7.3 Validate Report-only impact for SPs

The Sign-in logs blade has a separate tab for service principal sign-ins.

  1. Identity → Monitoring & health → Sign-in logs.
  2. Click the Service principal sign-ins tab (next to User sign-ins).
  3. Filter Conditional Access = Report-only: Failure and Conditional Access policy = CA-003.
  4. Each row is a service principal sign-in that would have been blocked. For each, confirm:
  5. Is the source IP one that should be in the permitted set? Add it to Workload Identity Permitted IPs (§4.3).
  6. Is this an unexpected service principal (compromised credential, shadow integration)? Disable the SP and open an incident — see Control 3.9 for the analytic rule.

Don't apply CA-WID to managed identities you cannot test

A managed identity used by an Azure Function that posts to Microsoft Graph from a public Azure egress IP that you have not enumerated in §4.3 will be blocked the moment Policy C goes from Report-only to On.
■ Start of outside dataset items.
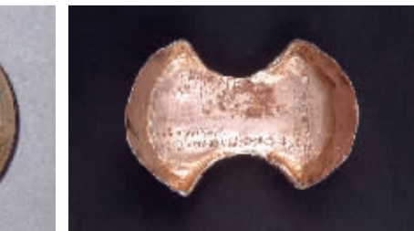
明代永乐六年银作局五十两银锭
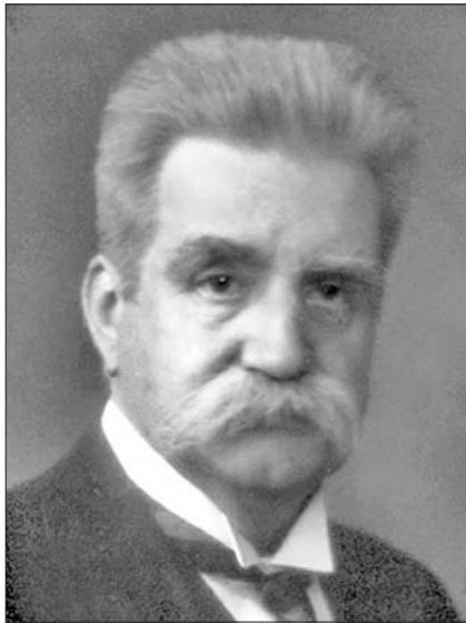
Карл Ялмар Брантінг (Karl Hjalmar Branting)

Навчався в університетах Уппсали і Стокгольма. Здобувши освіту з математики і астрономії, працював помічником директора Стокгольмської обсерваторії. Ще в студентські роки він захоплювався ліберальною політичною філософією і в 1884 р. остаточно залишив наукову стезю, присвятивши себе журналістиці.
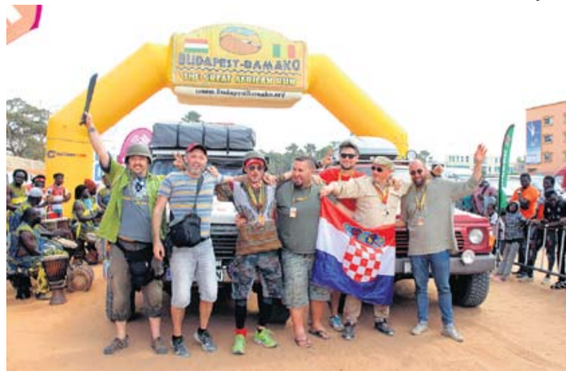
Sretni jer su ostvarili cilj - hrvatska ekipa na kraju humanitarnog relija
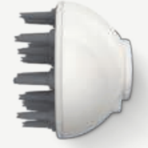
Vibrating scalp massager
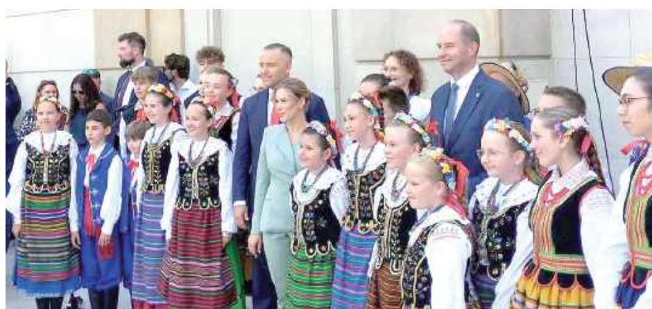
Powiśloki na spotkaniu z Parą Prezydencką

Nasi artyści zaprezentowali specjalnie przygotowa-
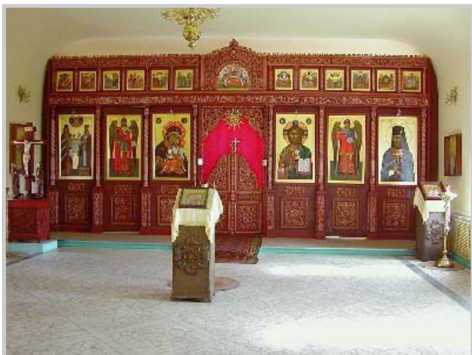
В домовом храме училища.
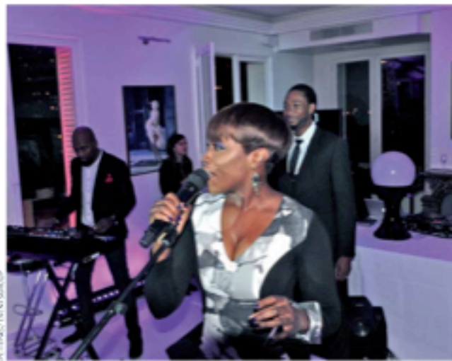
La chanteuse Estelle a assuré un showcase exceptionnel dans le salon de l'ancien appartement d'Alain Delon pour la fête de lancement de la nouvelle PlayStation Move.

Mardi, Cathy Guetta lance sa ligne de chaussures André aux Galeries Lafayette dans une ambiance ultra girly. Bonbons et chaussures géantes amusent la belle galerie, où l'on note la présence d'Émilie Dequenne, de Delphine Chanéac ou encore de Marie-Amélie Seigner. ■
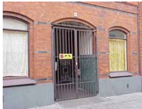
THOR 5 B från SV GRIND
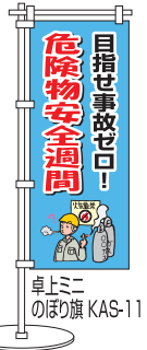
卓上ミニのぼり旗 KAS-11
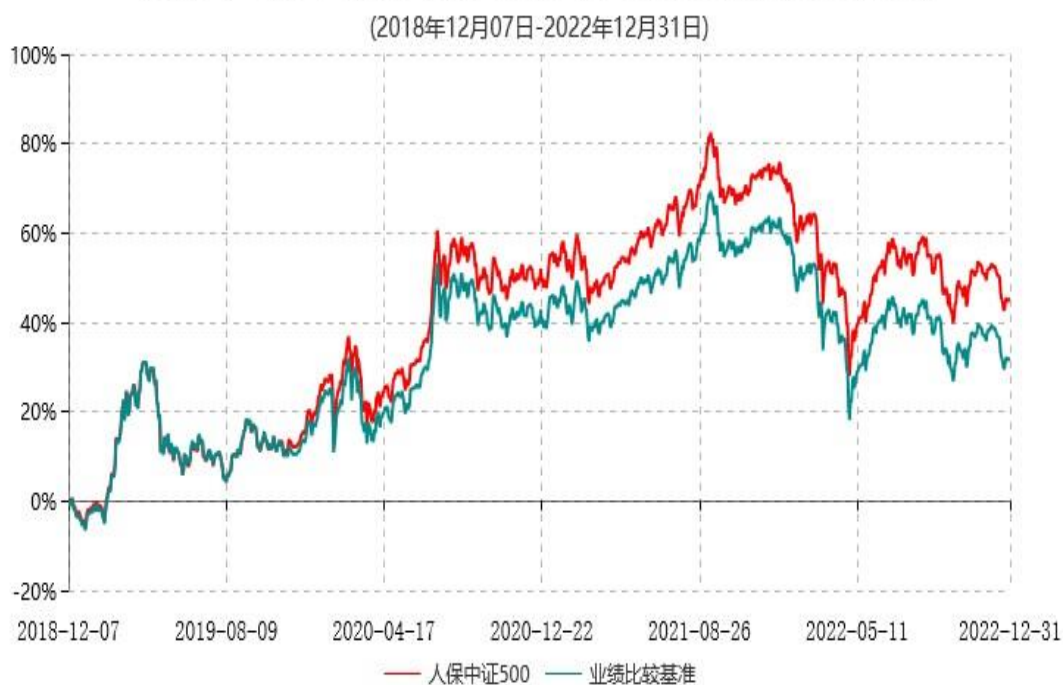
人保中证500指数型证券投资基金累计净值增长率与业绩比较基准收益率历史走势对比图

注：1、本基金基金合同于2018年12月7日生效。根据基金合同规定，本基金建仓期为6个月，建仓期满，本基金的各项投资比例符合基金合同的有关约定。
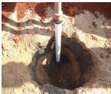
Imagem 1 – Piezômetro de PVC. Isbgeo, Sd.
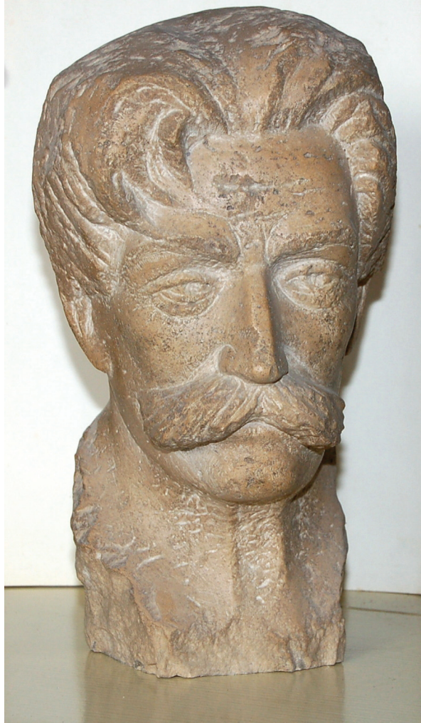
Albert Schweitzer – 1996
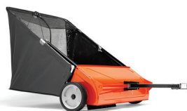
МУСОРОПОДБОРЩИК/ ТРАВСОБОРНИК 586 63 65-01

The 7-day soak window in §13 exists for exactly this reason. Plan to add IP ranges as you discover them and to extend the soak by another week if the Report-only failure rate has not stabilized.


8. Policy D — Session controls: CAE, sign-in frequency, Token Protection

The fourth policy adds session-layer controls. Unlike Policies A–C, Policy D does not block; it shortens session lifetimes and subscribes the token to revocation events so that if a credential or device posture changes mid-session, the session ends.

8.1 Continuous Access Evaluation (CAE)

CAE is enabled by default at tenant level for all CAE-aware Microsoft services (Exchange Online, SharePoint Online, Teams, Microsoft Graph). You verify it is on; you do not need to enable it per policy.

  1. https://entra.microsoft.com → Protection → Conditional Access → Policies → + New policy.
  2. Name: CA-004 — Session controls — CAE, sign-in frequency, Token Protection (Z3 environments)
  3. Assignments → Users: include Agent-Makers-Z3 (makers in Zone 3 environments) and Privileged-Role-Holders; exclude Break-Glass-Accounts.
  4. Target resources → Cloud apps → All cloud apps.
  5. Session:
  6. Check Customize continuous access evaluationStrict enforcement (the strict mode revokes tokens within ~5 minutes of a critical event such as account disable, password change, or risky-user elevation; default mode allows up to 60 minutes).

8.2 Sign-in frequency — 4-hour reauth in Z3

Sign-in frequency forces an interactive reauthentication after the configured interval. For Z3 (Enterprise / regulated) environments, 4 hours is the recommended FSI baseline; for Z2 (Team), 8 hours; Z1 (Personal) inherits tenant default (typically 90 days for non-privileged users).

  1. In the same Policy D form, under Session:
  2. Check Sign-in frequencyPeriodic reauthentication4 Hours.

8.3 Persistent browser — Never persistent for makers

  1. Check Persistent browser sessionNever persistent.

This blocks "Stay signed in?" prompts in browser sessions on shared / unmanaged endpoints, ensuring the 4-hour reauth actually bites.

8.4 Token Protection (Preview) — Windows pilot

Token Protection binds a sign-in token to a specific Windows device's TPM, defeating token-replay attacks. It is in Preview as of April 2026, supports Windows 10 / 11 (no macOS, no Linux, limited mobile), and applies only to Exchange Online and SharePoint Online at preview.

For a pilot, create a separate policy CA-005 rather than co-mingling with Policy D, because the Token Protection scope is narrower than CA-004.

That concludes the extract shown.